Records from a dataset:
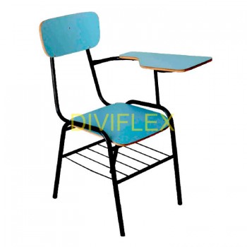 Silla con pupitre fija “4” patas, modelo PF-01, asiento, respaldo y pupitre en madera terciada formicada en color a definir, estructura en caño de 7/8 0,90 pintado con pintura epoxi con rejilla porta cuadernos, pupitre fijo.
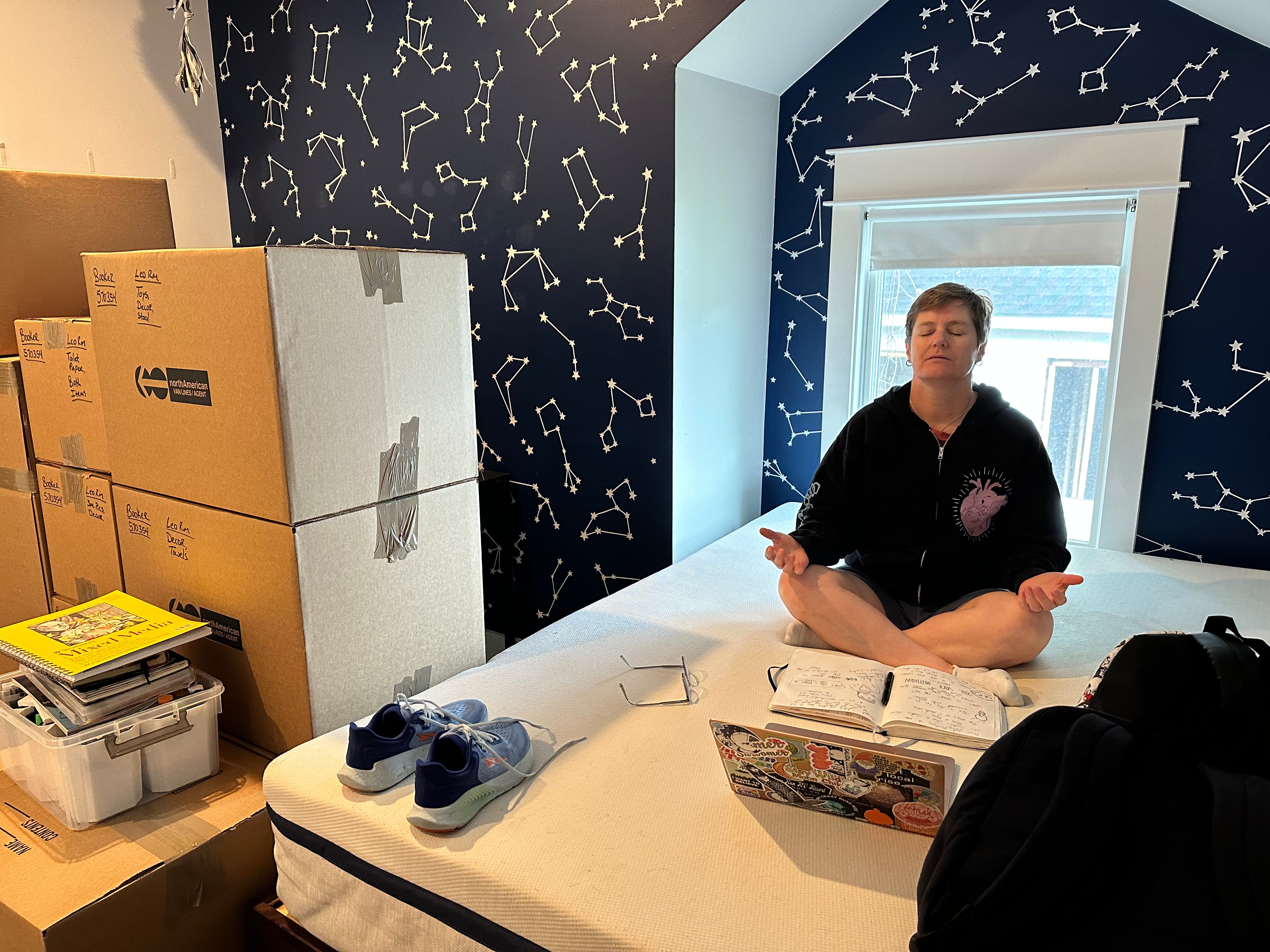 Who was this version of me—coloring and breathing and learning—while strangers wrapped my dishes in paper and boxed up my books?
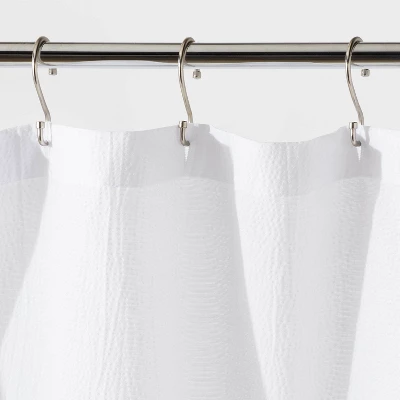 Lend modern appeal to your bath space with this Ombre Nautical Shower Curtain from Threshold™. Showcasing an ombre design in hues of blue with white stripes and white, this printed shower curtain brings contemporary charm to your bathroom space, while effortlessly blending with a variety of decor styles and color schemes. Made from a soft fabric blend, decorative shower curtain features a buttonhole top for easy installation and added convenience.
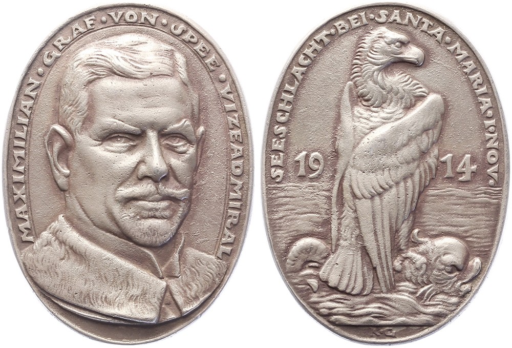 1914 Vizeadmiral Graf von Spee (1861-1914); Seeslacht bei Santa Maria. Brustbild etwas nach rechts. / Adler auf Fabelwesen im Meer sitzend. Silberguß (oval) 64,5 x 47,2 [52,98 g]. Kienast 145; Zetzmann 4048. Vorzüglich.
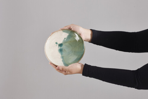 Multicolored Pottery Oven Plate with wooden honey handle in it
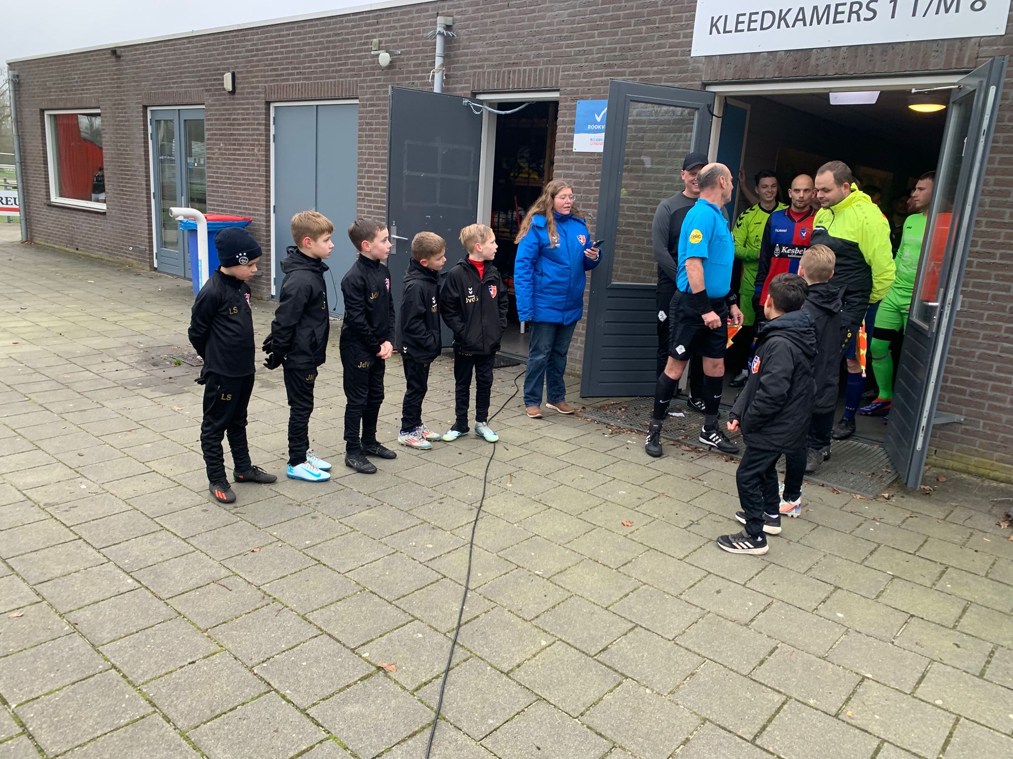 Voor deze belangrijke wedstrijd tegen koploper Blauw-Wit mochten deze jonge talenten aanwezig zijn bij de wedstrijdbespreking. Hier hebben zij ondanks hun jonge leeftijd aandachtig naar geluisterd. Voor de wedstrijd mochten ze met de spelers het veld op lopen en 2 spelers mochten de aftrap nemen.
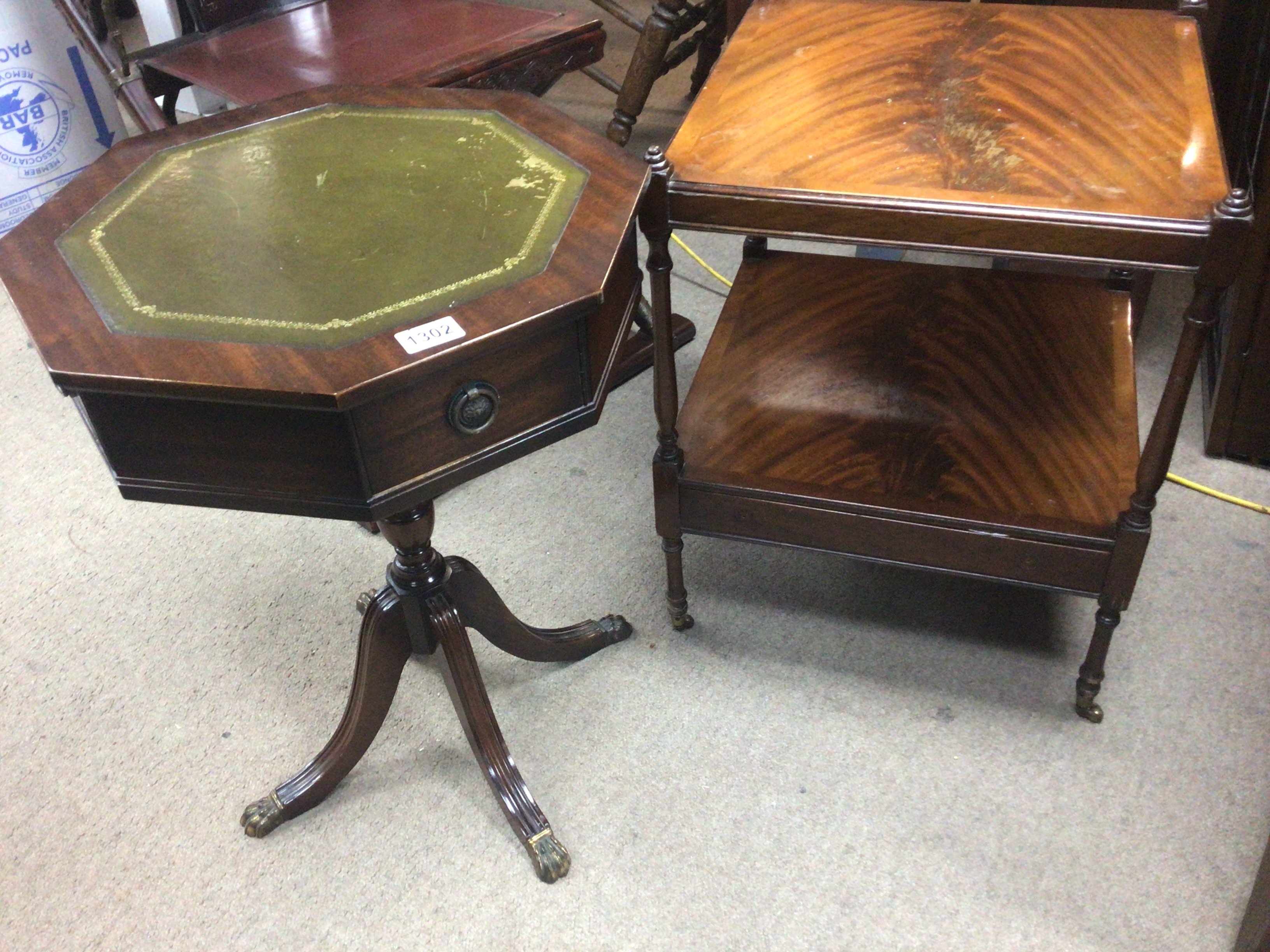 A Mahogany open display shelf and a mahogany occasional table with a leather top (2)
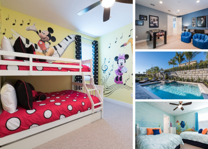 Sleeping up to 13 people, EC212 has bedrooms across both floors including 2 children's themed bedrooms such as 'Mickey and Minnie Mouse' and 'Finding Nemo'! The upper floor loft area is equipped with a foosball table and multi-arcade video game so the fun does not have to end at the parks!

• Exercise brief: Working down from the line with "Multicolored Pottery Oven", copy each line exactly until the last line of the entries, which is also included. Omit the pictures.

• Output:
 Multicolored Pottery Oven Plate with wooden honey handle in it
 Voor deze belangrijke wedstrijd tegen koploper Blauw-Wit mochten deze jonge talenten aanwezig zijn bij de wedstrijdbespreking. Hier hebben zij ondanks hun jonge leeftijd aandachtig naar geluisterd. Voor de wedstrijd mochten ze met de spelers het veld op lopen en 2 spelers mochten de aftrap nemen.
 A Mahogany open display shelf and a mahogany occasional table with a leather top (2)
 Sleeping up to 13 people, EC212 has bedrooms across both floors including 2 children's themed bedrooms such as 'Mickey and Minnie Mouse' and 'Finding Nemo'! The upper floor loft area is equipped with a foosball table and multi-arcade video game so the fun does not have to end at the parks!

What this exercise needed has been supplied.